Diffusion LoRA Training¶
Practical patterns for LoRA fine-tuning of diffusion models (FLUX Klein 9B, SANA, SDXL). Covers dataset preparation, training tools, hyperparameters, and multi-trainer comparison.
Dataset Preparation¶
Size Guidelines¶
| Task | Minimum | Recommended | Max Useful |
|---|---|---|---|
| Single subject (DreamBooth) | 3-5 | 5-10 | 15 |
| Style (photography style) | 15-20 | 25-30 | 50 |
| Domain (product category) | 30-50 | 50-100 | 200 |
| Complex domain + variations | 50+ | 100-200 | 500 |
Caption Quality¶
Detailed captions are more important than data quantity. Include: - Material, texture, lighting setup - Camera angle, focal length, depth of field - Background description, environment - Style attributes specific to the domain
Good: "sks jewelry photo, 18k gold engagement ring with oval cut diamond,
soft studio lighting, dark velvet background, macro photography,
sharp focus on gemstone facets"
Bad: "ring on dark background"
Trigger Words¶
Use rare token (e.g., "sks") as trigger word for DreamBooth. Define one per LoRA style. The token must not collide with existing vocabulary meanings.
Image Requirements¶
- Resolution: 1024x1024 minimum (match training resolution)
- Format: PNG preferred (lossless), JPG acceptable if high quality
- Variety: mix angles, lighting, compositions within the domain
- Quality: curated > quantity. Remove blurry, poorly lit, atypical examples.

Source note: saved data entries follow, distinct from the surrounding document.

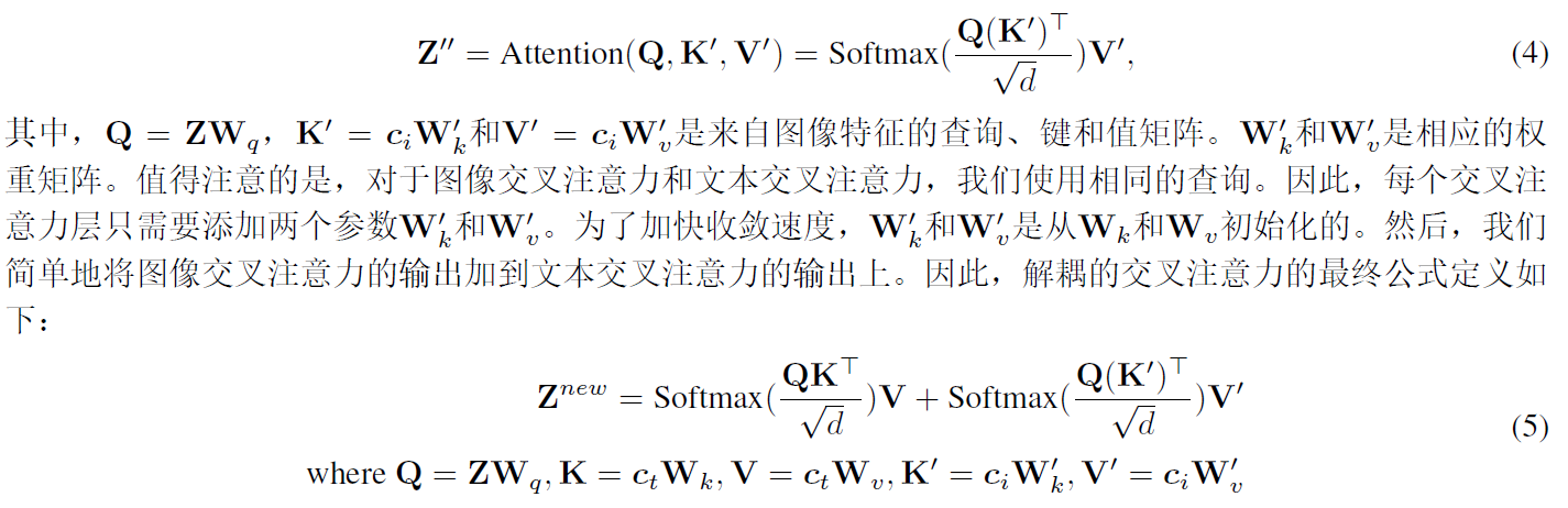分别对文本特征和图像特征进行cross-attention处理,并将其结果进行相乘操作。想法本身并不复杂。多数情况下会采取将图像特征与文本特征拼接后进行cross的方式。
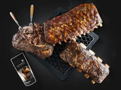 Beef short ribs, pulled pork & spare ribs refined & pre-cooked in the St. Louis Cut
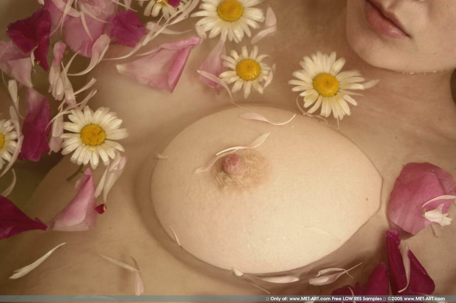 in bath filled with flowers getting wet in Profumo by Slastyonoff

FLUX Klein 9B LoRA Training¶
Critical Rules (From 50+ Training Runs)¶
| Parameter | Value | Notes |
|---|---|---|
| Network dims | 128/64/64/32 | linear/linear_alpha/conv/conv_alpha (4:2:1:1 ratio) |
| Weight decay | 0.00001 | 1/10th default for balanced analog texture |
| Learning rate | DO NOT CHANGE | Even 0.005% change destroys image quality on Flux architecture |
| Optimal steps | ~7,000 | 3K = too raw, beyond 7K = anatomical distortion |
| Trigger word | One per style | Required for activation |
Klein-Specific Notes¶
- Train on base model (klein-base-9b), NOT distilled
- 9B uses
qwen_3_8btext encoder; 4B usesqwen_3_4b - 4B LoRA NOT compatible with 9B and vice versa
- FP8 transformer saves significant VRAM during 9B training
SANA LoRA Training¶
Recommended Recipe¶
accelerate launch train_dreambooth_lora_sana.py \
--pretrained_model_name_or_path=Efficient-Large-Model/Sana_1600M_1024px_BF16_diffusers \
--instance_data_dir=data/dreambooth/jewelry \
--output_dir=trained-sana-lora \
--mixed_precision=bf16 \
--instance_prompt="a photo of sks jewelry" \
--resolution=1024 \
--train_batch_size=1 \
--gradient_accumulation_steps=4 \
--use_8bit_adam \
--learning_rate=1e-4 \
--lr_scheduler=constant \
--lr_warmup_steps=0 \
--max_train_steps=500 \
--validation_prompt="A photo of sks jewelry on black velvet" \
--validation_epochs=25 \
--seed=0 \
--cache_latents \
--offload
SANA Training Parameters¶
| Parameter | Value | Notes |
|---|---|---|
| Learning rate | 1e-4 | Standard for SANA LoRA |
| Max steps | 500 | Fast convergence (vs 7K for FLUX) |
| Resolution | 1024 | Native SANA resolution |
| Effective batch | 4 | batch 1 x grad_accum 4 |
| Precision | bf16 | Required |
| Optimizer | 8-bit AdamW | Memory efficient |
| LR scheduler | constant | No warmup needed |
LoRA Configuration¶
Target layers: attn.to_k, attn.to_q, attn.to_v for attention-only LoRA.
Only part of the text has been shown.